====== Exercise input ======

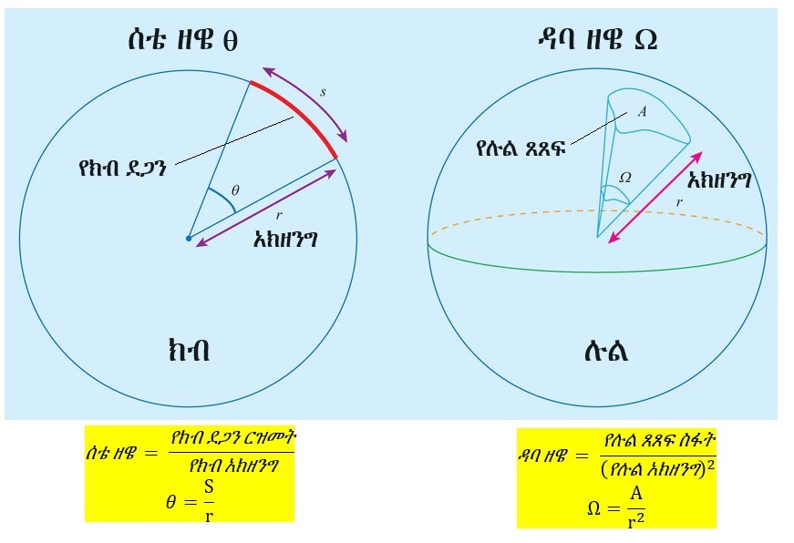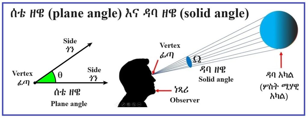 2. ዳባ ዘዌ (solid angle) ማለት ከነጥብ (point) በመነሳት የሚኖርን የእይታ መስክ (field of view) መጠን መለኪያ ነው።
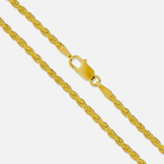 REAL 925 Sterling Silver 14KT Gold-Plated Diamond Cut Rope Chain ITALY
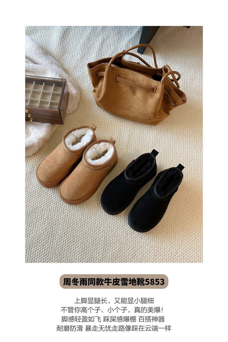 💥【周冬雨同款牛皮雪地靴5853】大爆款来袭‼增高4cm、头层牛皮‼ 一脚蹬大东北也可以过冬,🌟经典色系好穿万年经典不过时~ 跟着明星学穿搭|
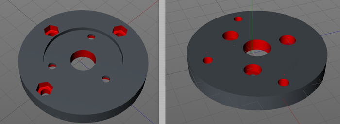 А внутри там очень уютная площадка под 3 винта. М4 подходят, в наличии имеются, стало быть сюда и примоделимся.
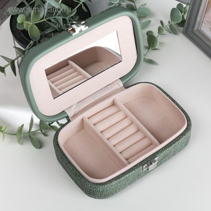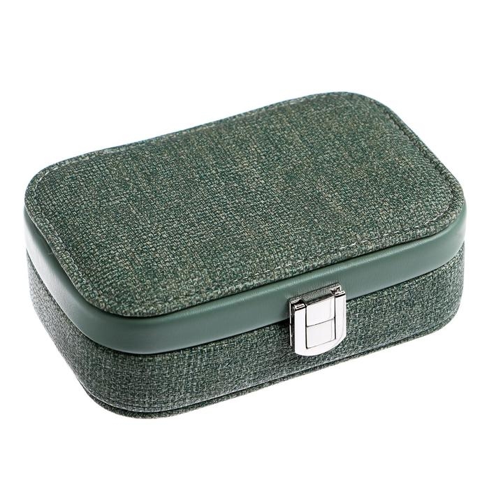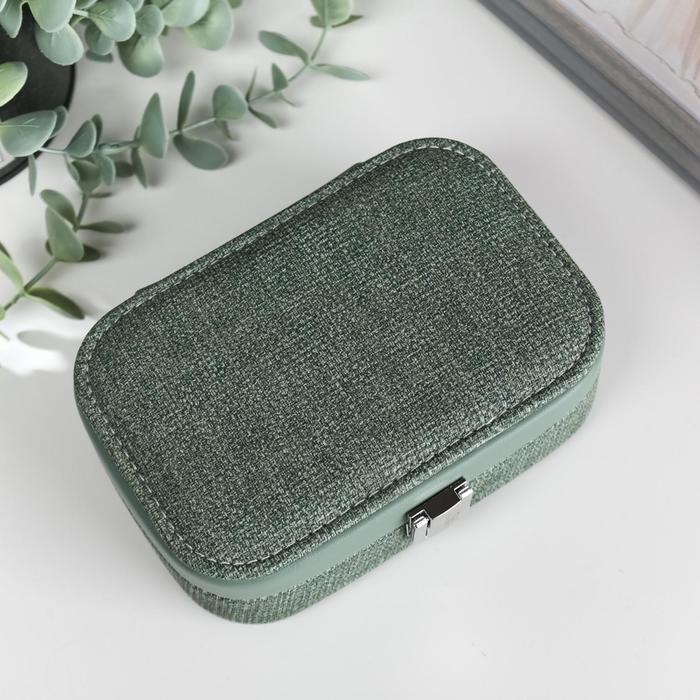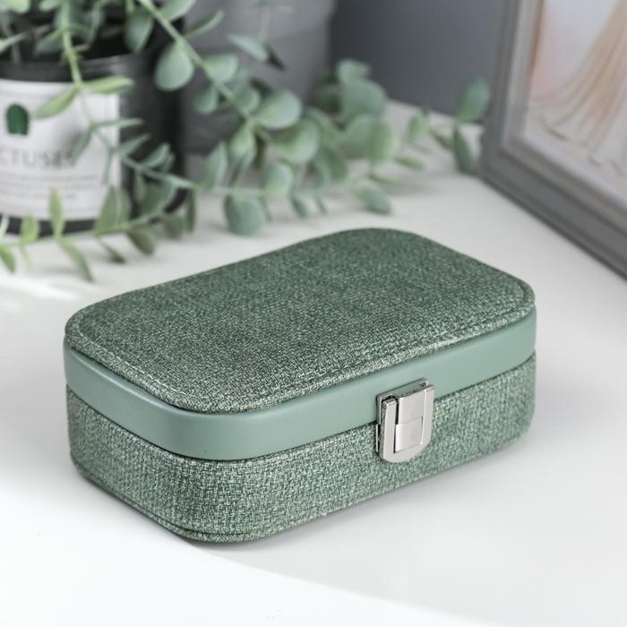 Шкатулка кожзам для украшений "Зелёная" комбинированная 4,5х10х15 см

======

Problem details
From the first line to the last, write out the data exactly, dropping any pictures.

Finished exercise
 2. ዳባ ዘዌ (solid angle) ማለት ከነጥብ (point) በመነሳት የሚኖርን የእይታ መስክ (field of view) መጠን መለኪያ ነው።
 REAL 925 Sterling Silver 14KT Gold-Plated Diamond Cut Rope Chain ITALY
 💥【周冬雨同款牛皮雪地靴5853】大爆款来袭‼增高4cm、头层牛皮‼ 一脚蹬大东北也可以过冬,🌟经典色系好穿万年经典不过时~ 跟着明星学穿搭|
 А внутри там очень уютная площадка под 3 винта. М4 подходят, в наличии имеются, стало быть сюда и примоделимся.
 Шкатулка кожзам для украшений "Зелёная" комбинированная 4,5х10х15 см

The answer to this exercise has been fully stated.